Dans l’immédiat, alors que les parlementaires vont voter ce budget 2010, il n’y a pas de perspectives d’infléchissement du gouvernement sur cette politique.

Pour autant, nous devons continuer à agir pour faire connaître notre désaccord et faire entendre le mécontentement des personnels.

Compte tenu de la dégradation considérable des conditions de travail dans les écoles, collèges et lycées à cette rentrée, le SE-UNSA a décidé de donner le moyen aux enseignants de s’adresser directement aux parlementaires pour dénoncer le cache misère qu’est ce budget 2010.

En effet, les sénateurs ne voteront le budget que le 8 décembre et les commissions paritaires mixtes parlementaires l’examineront dans les jours qui suivent.

Par cette action, il s’agit aussi pour le SE-UNSA de respecter les attentes exprimées par nos collègues depuis la rentrée sur les modalités d’action à envisager dans l’immédiat.
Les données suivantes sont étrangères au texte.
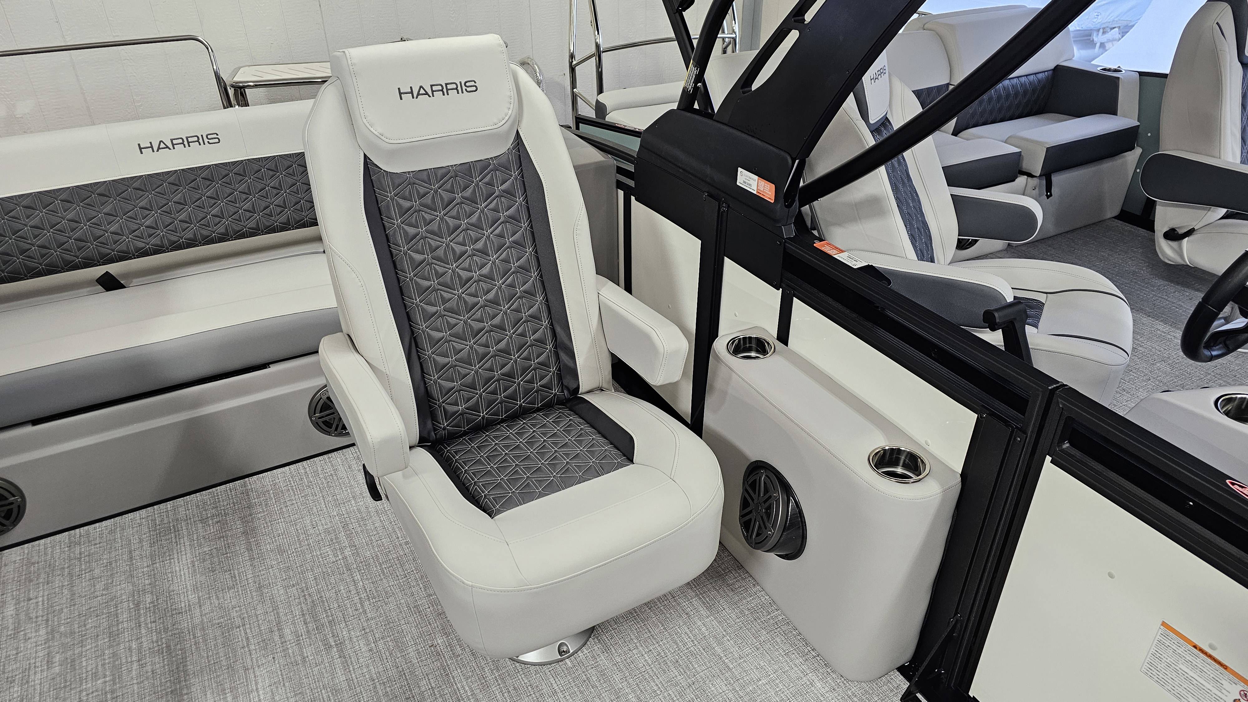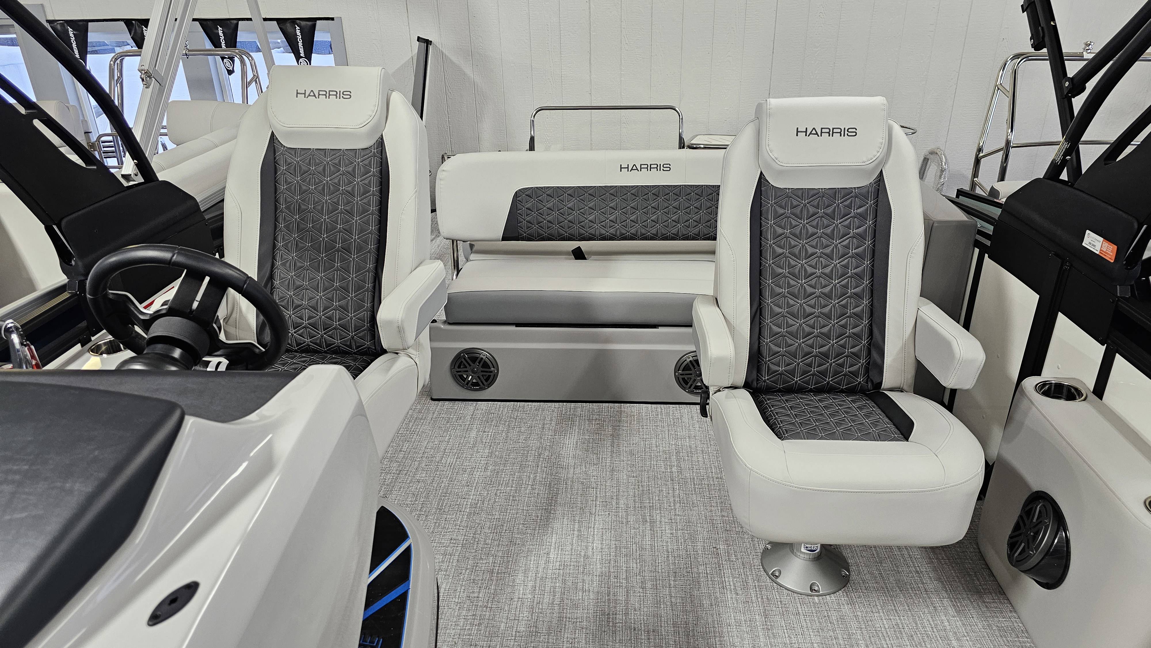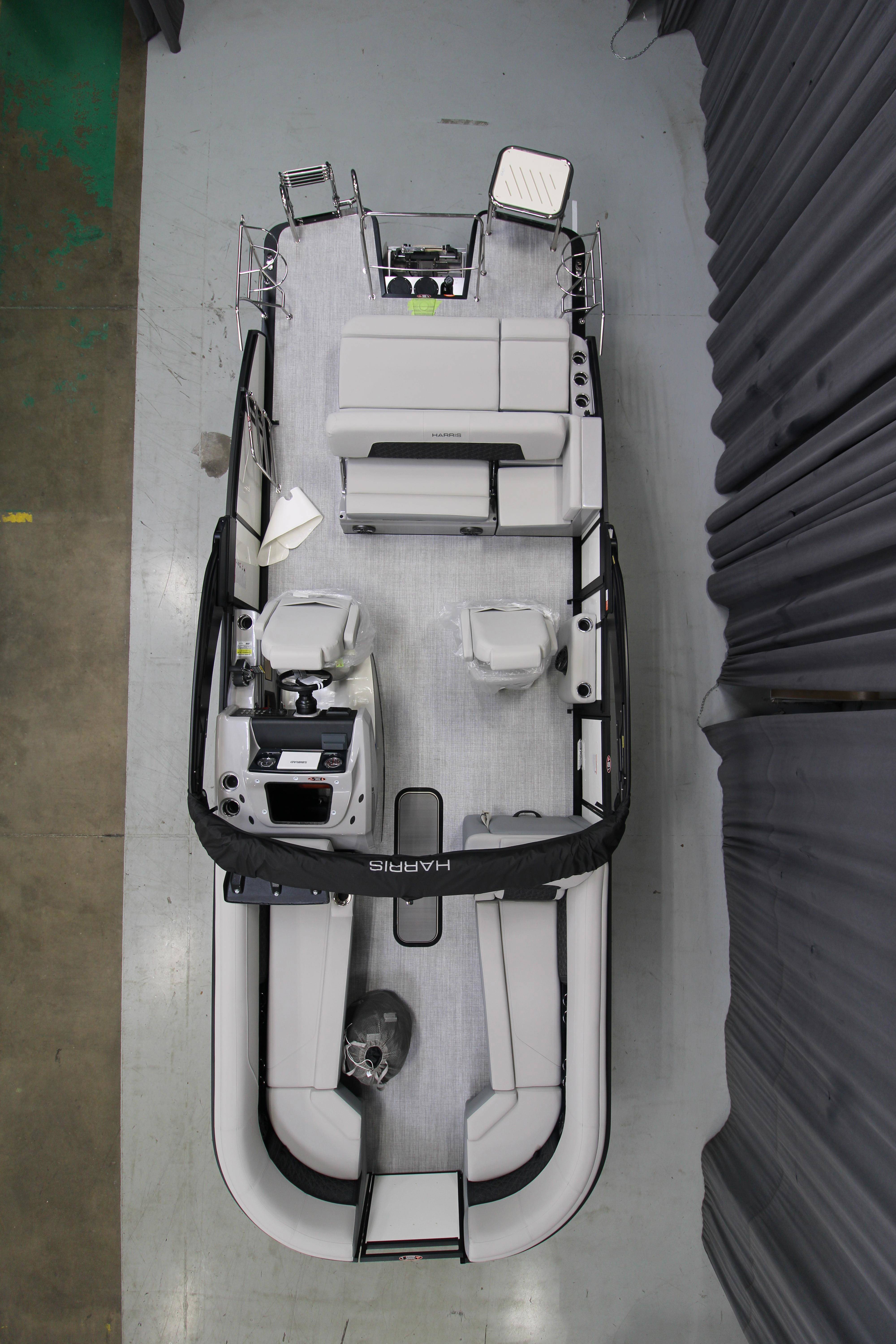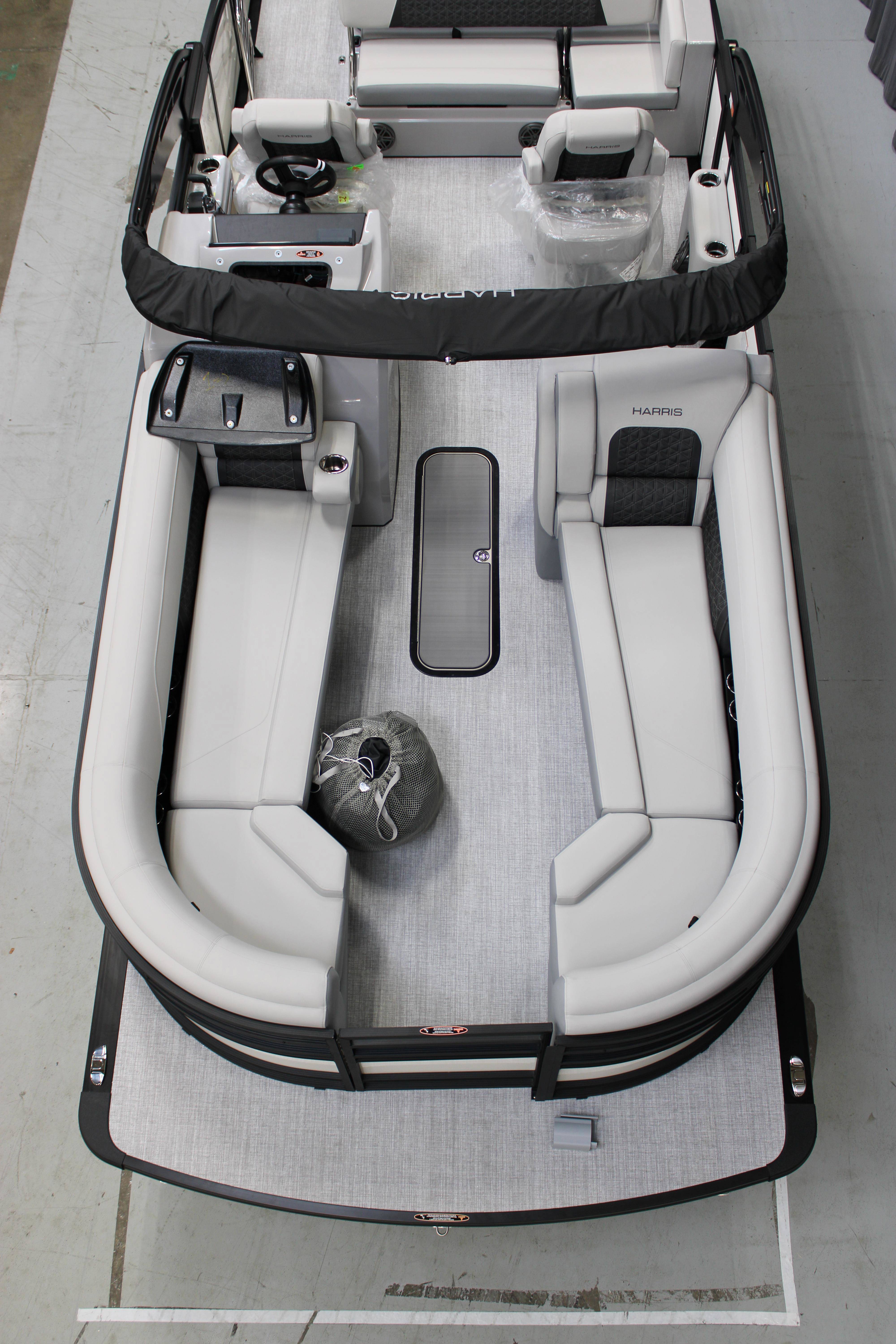 2025 Harris 250 Solstice!Mercury 250 DTS Cold Fusion WhiteFactory Installed Options:SLDH floorplanExterior- ceramic white with vivid blue metallicInterior- tungstenBlack edition325 chassisHalo power topDeluxe tech package 1Total lighting package4 step telescoping stainless steelSki tow pylonUltra lux high back helm seatsChanging room with curtainFlooring-stone gray woven vinylNSX9Removable windscreenRaised helmJL Diamond sound systemSafety railStainless steel aft swim seatLuxury sport woodgrain table

Dans le contexte actuel, le recours à la grève n’est pas l’action la plus appropriée et la plus efficace pour combattre cette politique gouvernementale.

Le SE-UNSA propose donc une action accessible à tous les personnels sans leur faire perdre une journée de salaire, tout en étant basée sur une plate forme claire, et étant ciblée vers des interlocuteurs précis.

Parce qu’au plan national, dans le cadre des auditions sur la préparation du budget 2010, nous avons déjà saisi les parlementaires sur les conséquences désastreuses des suppressions d’emploi pour le fonctionnement du système éducatif. Des parlementaires de l’opposition mais aussi de la majorité, expriment y compris par voie de presse, des inquiétudes sur ces choix budgétaires.

Il est donc nécessaire de continuer à les interpeller.

Alors, signez et faites signer autour de vous (je buzz) la carte électronique http://www.se-unsa.org/cartebudget/carte.html.

Elle sera directement acheminée vers les parlementaires responsables du vote du budget et qui doivent vous entendre :

- dénoncer notamment la baisse de 60% des crédits pédagogiques des écoles, l’annonce des 16 000 surpressions d’emplois alors que 23 000 élèves de plus sont attendus à la prochaine rentrée

- leur demander d’agir et de modifier ce budget.